The Supreme Leader had never been more clear about anything. The country was talking about one thing and one thing only. Brexit. So she had come to the same library in the Royal United Services Institute in Whitehall where she had launched her leadership campaign almost a year earlier, to talk about Brexit. That’s what the public was demanding and that’s what the public would get.
There were a few puzzled faces in the audience. They were under the impression that what most people had been talking about over the past couple of days was Saturday night’s terrorist attack in London and they had reasonably assumed that the Supreme Leader might have something to say about it. Apparently not. “More than ever, the country needs strong and stable leadership,” she said. And that was why she was calling on everyone to strengthen her hand so her leadership could be even stronger and more stable. The Maybot was back up and running.

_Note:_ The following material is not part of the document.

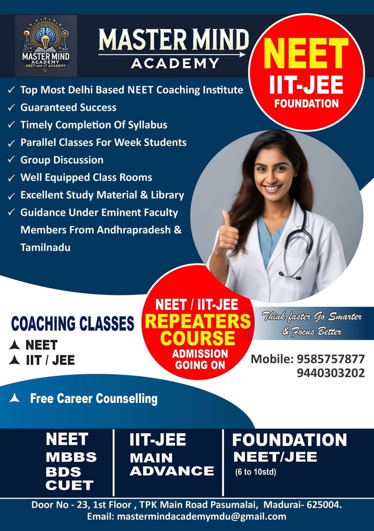 Master Mind Academy transformed my preparation for NEET and IIT! The faculty is exceptional, and the resources available are invaluable. Highly recommend this coaching center!

Mistaking the groans of resignation and despair in the room for confirmation that her message of reassurance was getting through, the Supreme Leader went on to deliver much the same non-speech she had repeatedly given over the previous seven weeks. The same sentences that never quite made sense even on their own. Let alone when they were connected to all the others.
She alone had a Brexit plan. A plan she couldn’t fully disclose, other than to say no deal was better than a bad deal. Jeremy Corbyn didn’t have a plan because his plan was different to hers. “We will show leadership, because that is what leaders do,” the Maybot concluded, her algorithms no longer fully operational. “There is no time for learning on the job.” This was the closest she came to saying anything heartfelt. She’d been trying and failing to learn on the job for 12 months.
Only towards the end of her speech did the Supreme Leader make any proper mention of the London attacks. Enough was enough. She had done everything she possibly could to help the police in her six years as home secretary and it was just a pity they weren’t a bit more grateful.
Under her strong and stable leadership, Britain had never been more safe. Even if it didn’t feel that way. No one cared more about the country’s security than she did. She just had her own idiosyncratic way of showing it. Instead of focusing on the terror plots that had succeeded, why couldn’t everyone just concentrate a bit more on the ones that had been thwarted? “I have the vision,” the Maybot said. The blurred vision of an artificial intelligence without the intelligence.
Much to her surprise, none of the questions that followed her speech were about Brexit. They were all about terrorism and security. The Supreme Leader was patience personified as as she failed to answer any of them. Had she been wrong to cut police numbers?
Not at all. The relentless focus on numbers was missing the point. What really mattered was that she had given the police extra superpowers. Some were being trained to have x-ray vision. Some were learning to fly with magic capes. Some could literally bi-locate and be in two places at the same time. Some had been equipped with little suckers on their feet that allowed them to walk up the side of buildings. Some had been given special weapons that fired spiders’ webs. Some had also been given invisibility cloaks, which was why it was easy to imagine there were 20,000 fewer of them.
An engineer hastily tried to update the Maybot, but only succeeded in making things worse as her faculties became ever more unreliable. Her voice recognition software couldn’t recognise the words “Donald Trump” when she was twice asked if the US president had been wrong to criticise Sadiq Khan for doing a bad job. “The London mayor is doing a very good job,” she monotoned. But what about Donald Trump? “The London mayor is doing a good job.”
“What would Donald Trump have to say for you to disagree with him?” one journalist finally asked. The Supreme Leader looked confused. Who was this Donald Trump? “The London mayor is doing a very good job,” she said yet again. So would someone – the US president, say – who criticised Khan be wrong? “I suppose so,” she muttered through gritted teeth. The special relationship had never appeared so pathetically and abjectly one-sided. But it was what now passed for strong and stable leadership.